The approach to the actual reef was sudden and startling. At first all I could see was a shadow and some movement and then the clouds above me blew away and I came closer. The sight made my heart race and I felt an enormous rush of adrenaline as I swam over the reef. There were fish every where and a tiny school of Angel fish began swimming with me. They followed me for a long time as I explored and when I crossed to the ocean side of the reef they parted. I saw a magnificent fish that looked like it had a rainbow painted on the side of it. I was so excited by the whole experience that I swam back to the beach to see if Owen and Alista had began. Alista was having some troubles coping with the idea of swimming out to sea without a life vest or lifeguards but I assured her it was very doable. This was of no comfort and so I gave up and me and Owen walked to the far side of the beach and snorkeled at a spot he was told about.
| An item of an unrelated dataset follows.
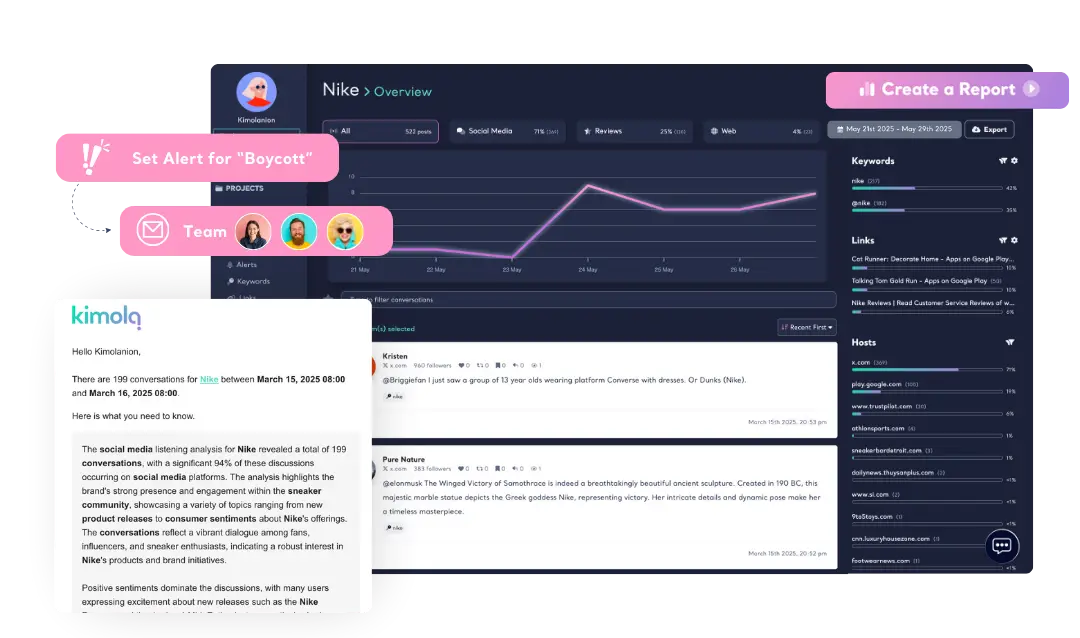 Yes. With Automated Reports & Alerts, Kimola delivers real-time updates on brand mentions, influencer involvements, and data spikes directly to your inbox, so you don’t have to track conversations manually.

It was an incredibly rocky coast line here and getting in the water proved surprisingly difficult but the cuts and bruises we got were well worth it. At first I split off from Owen. I found a massive drop off and couldn't see the bottom of it so I followed the wall and found massive coral shaped like hands. Each "finger" was about as large as I am (six feet). There were little fish all over these coral and the coral over here was much more alive. Also there was a ton of enormous fan like plants waving in the current. The colors were splendid. I popped up briefly to see how Owen was faring and he was up too. We both agreed that it was well worth the walk and the dangerous conditions. He said he had found a really good section and said I should follow him so off we went. He swam between two narrow formations and I followed briefly loosing sight of him. When I emerged on the other side there were dozens of towers and more even larger fingered glove formations wrapped in the fan like leafs. It was a beautiful sight. We decided a bit after this segment that it was time to head back to catch the Publico to the Ferry terminal. I left before them and took my time eating some delicious tostones, chicken, and beans and rice. I briefly napped at the terminal with a wonderful view of the ocean on a sun warmed bench and the ride back to Fajardo was brief and calm. Once back I was reunited with Johnny and we shared our stories.

The next day was spent mostly for rest and preparation for the next. I bought my ferry tickets a day early as I had read and heard that sometimes lines can form at 6AM. Two whole hours before the ticket office opens. These rushes are unpredictable and so I planned accordingly. I got the tickets and a tasty treat from the deli next store and headed back to the flat. The treat (papas rellenas) was a stuffed potato which is in essence a fried ball of mashed potatoes wrapped around a center of seasoned beef, chicken, pork, shrimp, lobster, conch or really any meat you might want. This particular vendor only had beef available. After my day of preperation I retreated back to the flat and enjoyed a quiet evening.